If $$(x, y, z)$$ be an arbitrary point lying on a plane $$P$$ which passes through the point $$(42, 0, 0)$$, $$(0, 42, 0)$$ and $$(0, 0, 42)$$, then the value of expression $$3 + \frac{x-11}{(y-19)^2(z-12)^2} + \frac{y-19}{(x-11)^2(z-12)^2} + \frac{z-12}{(x-11)^2(y-19)^2} - \frac{x+y+z}{14(x-11)(y-19)(z-12)}$$ is

The plane passes through $$(42, 0, 0)$$, $$(0, 42, 0)$$, and $$(0, 0, 42)$$, so its equation is $$x + y + z = 42$$.

Let $$a = x - 11$$, $$b = y - 19$$, $$c = z - 12$$. Since $$x + y + z = 42$$, we get $$a + b + c = (x + y + z) - 42 = 0$$.

The expression becomes: $$3 + \frac{a}{b^2c^2} + \frac{b}{a^2c^2} + \frac{c}{a^2b^2} - \frac{x+y+z}{14abc}$$.

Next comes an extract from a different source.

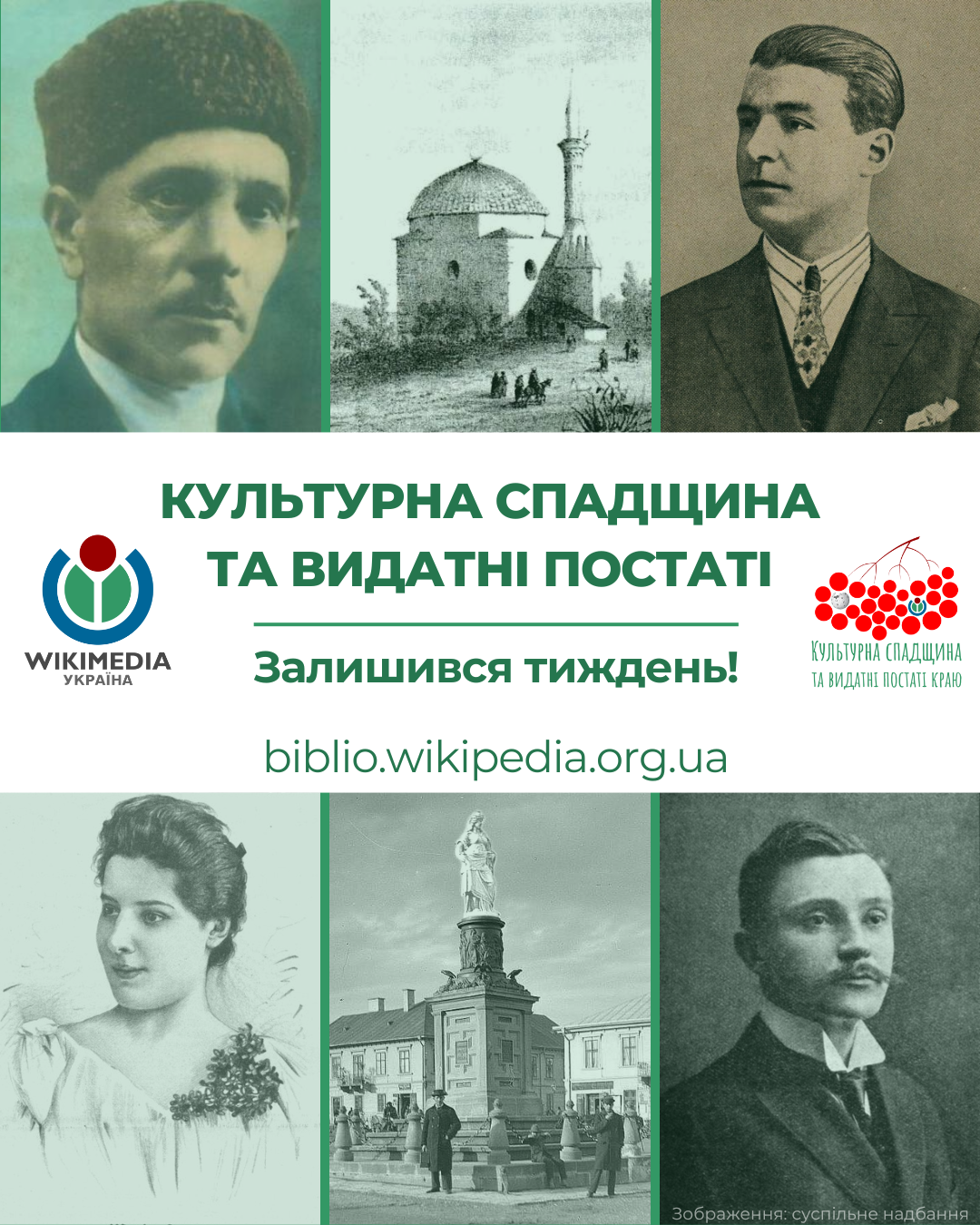 До 3 серпня запрошуємо бібліотекарів, бібліотекарок та всіх охочих долучитися до створення та поліпшення статей у Вікіпедії про українську культурну спадщину та визначних особистостей.

Since $$x + y + z = 42$$, the last term is $$\frac{42}{14abc} = \frac{3}{abc}$$.

Combining the three fraction terms over the common denominator $$a^2b^2c^2$$: $$\frac{a^3 + b^3 + c^3}{a^2b^2c^2}$$.

Now we use the identity: when $$a + b + c = 0$$, we have $$a^3 + b^3 + c^3 = 3abc$$.

So the expression becomes: $$3 + \frac{3abc}{a^2b^2c^2} - \frac{3}{abc} = 3 + \frac{3}{abc} - \frac{3}{abc} = 3$$.